_MATERIAL PROVIDED_
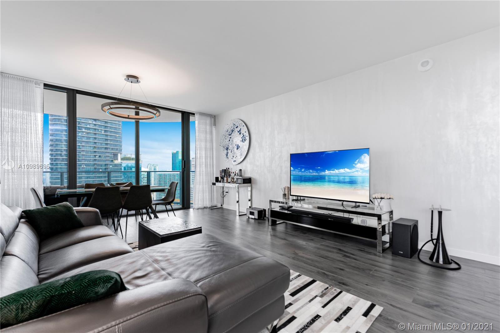 Awe-Inspiring Views w/Smooth, Smart & Sophisticated professional interior design. This CORNER unit offers the finest, unparalleled, unobstructed N & W vistas. See sunrise over Miami Beach thru Sunsets. It took 10 mths and $100K to complete this showcase Designer unit with venetian plaster accent walls, open kitchen w/ Miele high-end appliances, Italian finishes, masterpieces from Ugo Colombo, upgraded doors, smart LED lighting system, remote control blinds, add'l DEN/OFFICE, All done to be a Forever Home. BUT, a joyful new baby brings change. Let this Home be your Change. Flat Iron is your #1 Luxury destination; Concierge Services, Massage, Lap pool, Sky Club Pool & Sky Spa, fitness center, Business Lounge, Theater, Cafes, Kids Pool & Playroom, 2 parking spaces. Let's Live in Luxury.
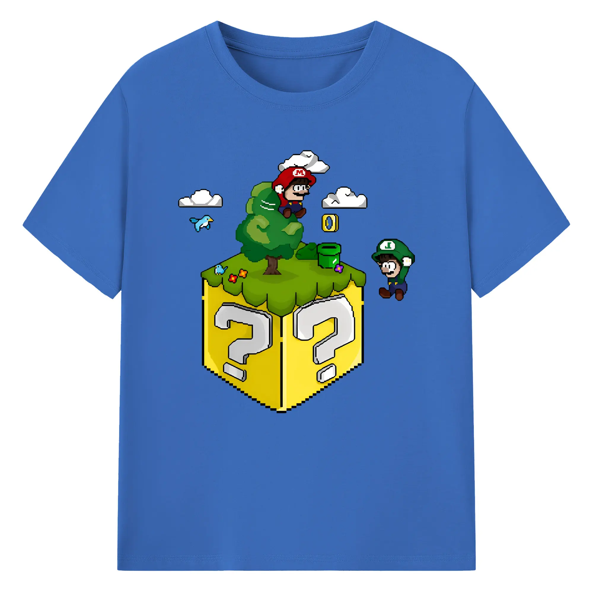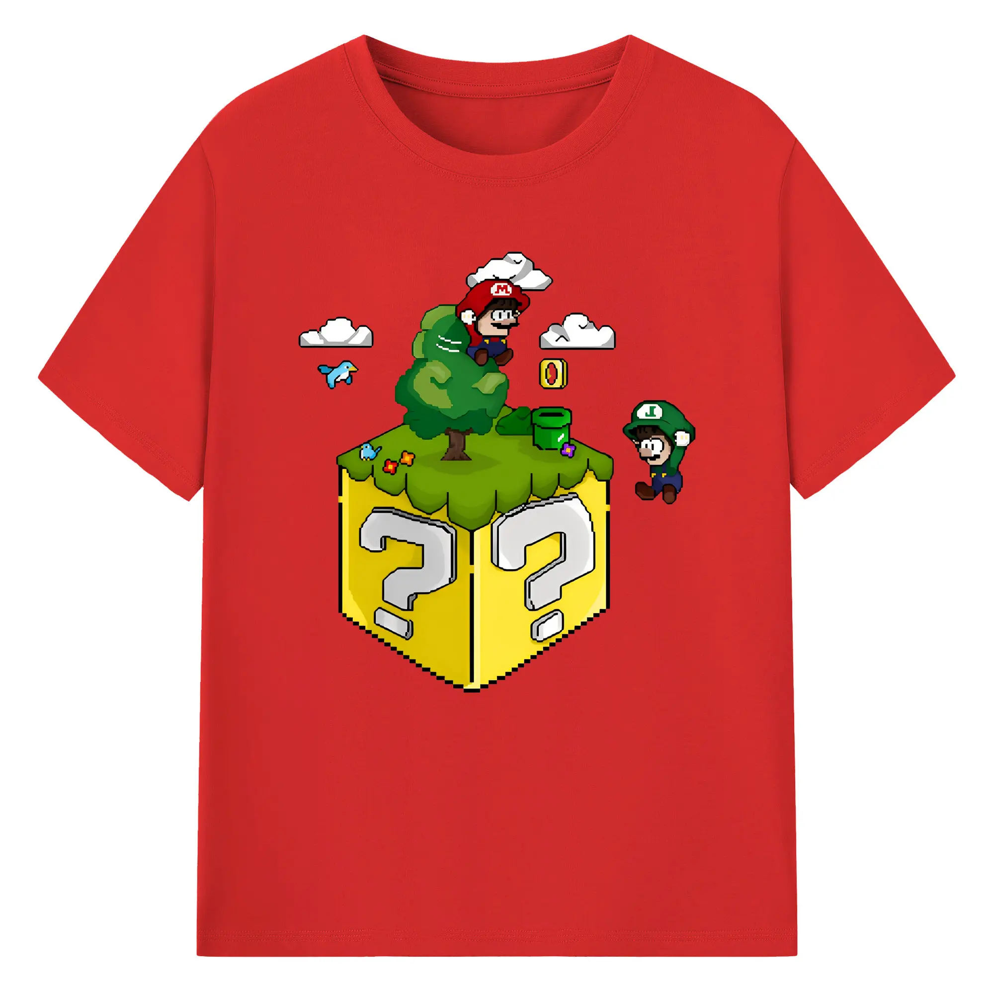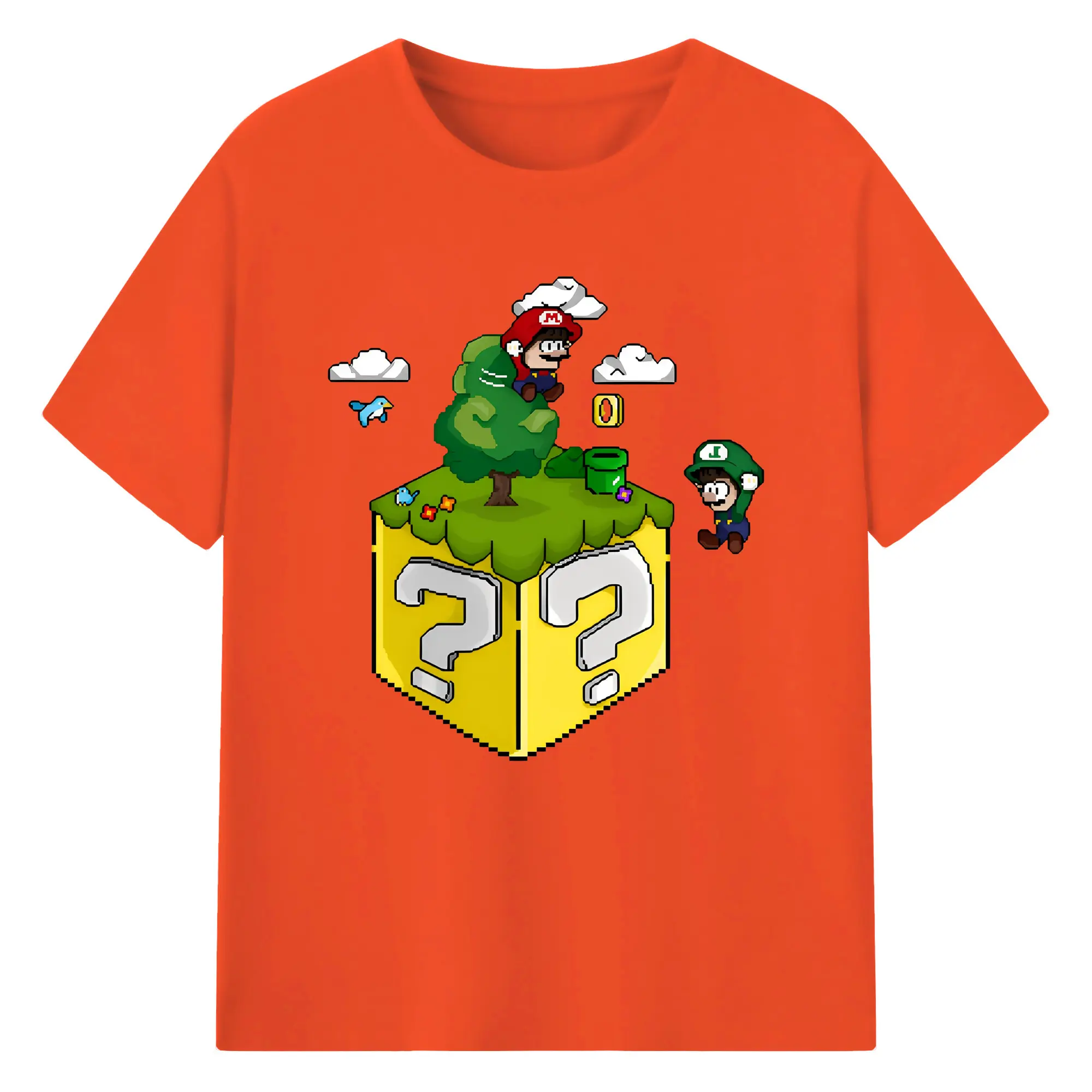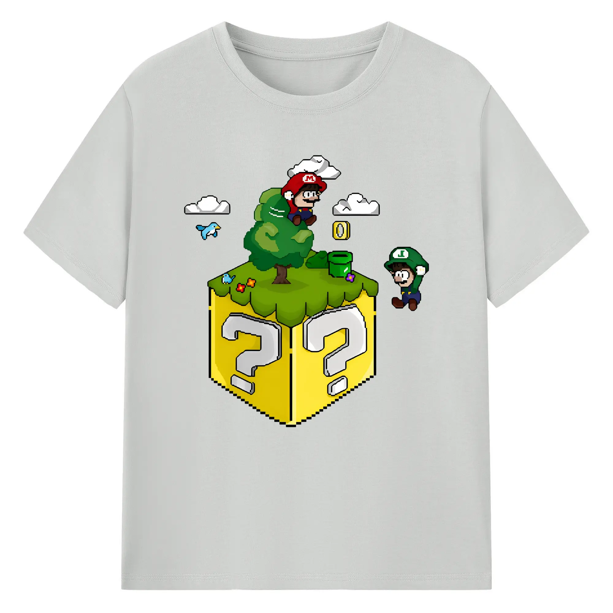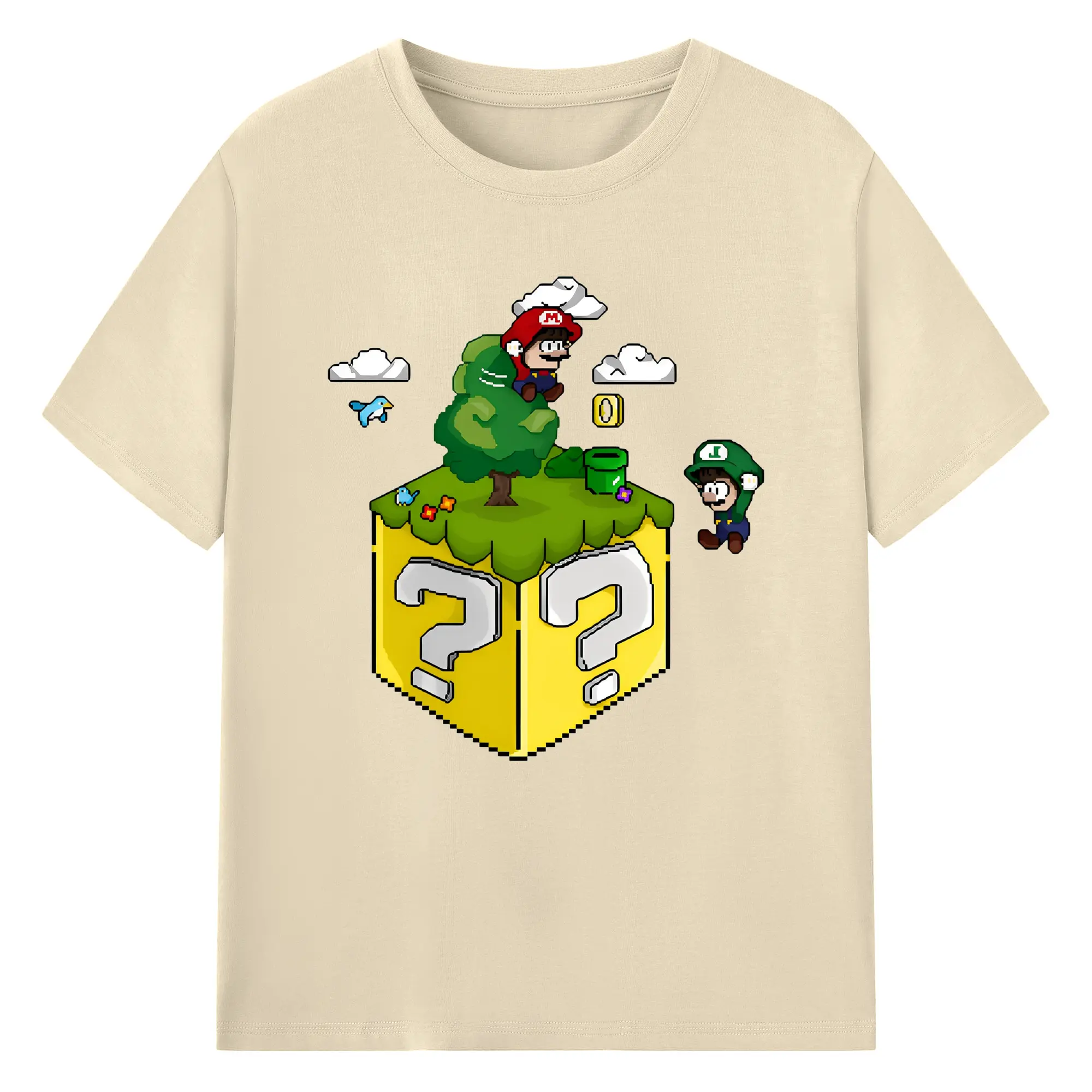 おしゃれゲーマー必見!スーパーマリオ8ビット - 綿100% ヴィンテージ風 半袖Tシャツ ・ フロントプリント ・ 柔らか肌触り ・ 通気性 快適 ・ スポーツ カジュアル 外出用
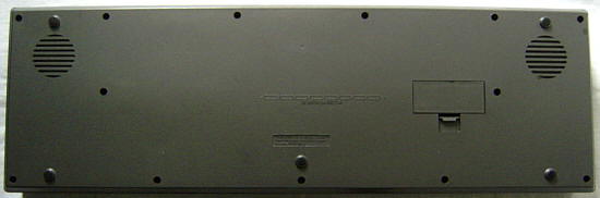 Like the Rhythmic 2 it features as well the demo melody "Blue Danube" (which is the demo of my HBATEC keyboard) as "For Elise" (which is the demo tune of the Testron), although all versions are arranged differently. The demo tunes of this instrument sound extremely off and weird; their accompaniment keeps playing with arpeggio in always the same key (i.e. no chord changes) and thus sound extremely disharmonic. I don't know whether this was intended as a bizarre sort of oriental free jazz medley, or if the programmer of this demo rather typed in the notes within few minutes without ever minding or verifying how it sounds. The oriental winged horse "ABA" logo suggests that it was possibly built by or for Arabian countries with their typical music style in mind.

_EXERCISE PROMPT_
For this exercise, transcribe the data above line by line, exactly, with pictures omitted.

_RESPONSE_
 Awe-Inspiring Views w/Smooth, Smart & Sophisticated professional interior design. This CORNER unit offers the finest, unparalleled, unobstructed N & W vistas. See sunrise over Miami Beach thru Sunsets. It took 10 mths and $100K to complete this showcase Designer unit with venetian plaster accent walls, open kitchen w/ Miele high-end appliances, Italian finishes, masterpieces from Ugo Colombo, upgraded doors, smart LED lighting system, remote control blinds, add'l DEN/OFFICE, All done to be a Forever Home. BUT, a joyful new baby brings change. Let this Home be your Change. Flat Iron is your #1 Luxury destination; Concierge Services, Massage, Lap pool, Sky Club Pool & Sky Spa, fitness center, Business Lounge, Theater, Cafes, Kids Pool & Playroom, 2 parking spaces. Let's Live in Luxury.
 おしゃれゲーマー必見!スーパーマリオ8ビット - 綿100% ヴィンテージ風 半袖Tシャツ ・ フロントプリント ・ 柔らか肌触り ・ 通気性 快適 ・ スポーツ カジュアル 外出用
 Like the Rhythmic 2 it features as well the demo melody "Blue Danube" (which is the demo of my HBATEC keyboard) as "For Elise" (which is the demo tune of the Testron), although all versions are arranged differently. The demo tunes of this instrument sound extremely off and weird; their accompaniment keeps playing with arpeggio in always the same key (i.e. no chord changes) and thus sound extremely disharmonic. I don't know whether this was intended as a bizarre sort of oriental free jazz medley, or if the programmer of this demo rather typed in the notes within few minutes without ever minding or verifying how it sounds. The oriental winged horse "ABA" logo suggests that it was possibly built by or for Arabian countries with their typical music style in mind.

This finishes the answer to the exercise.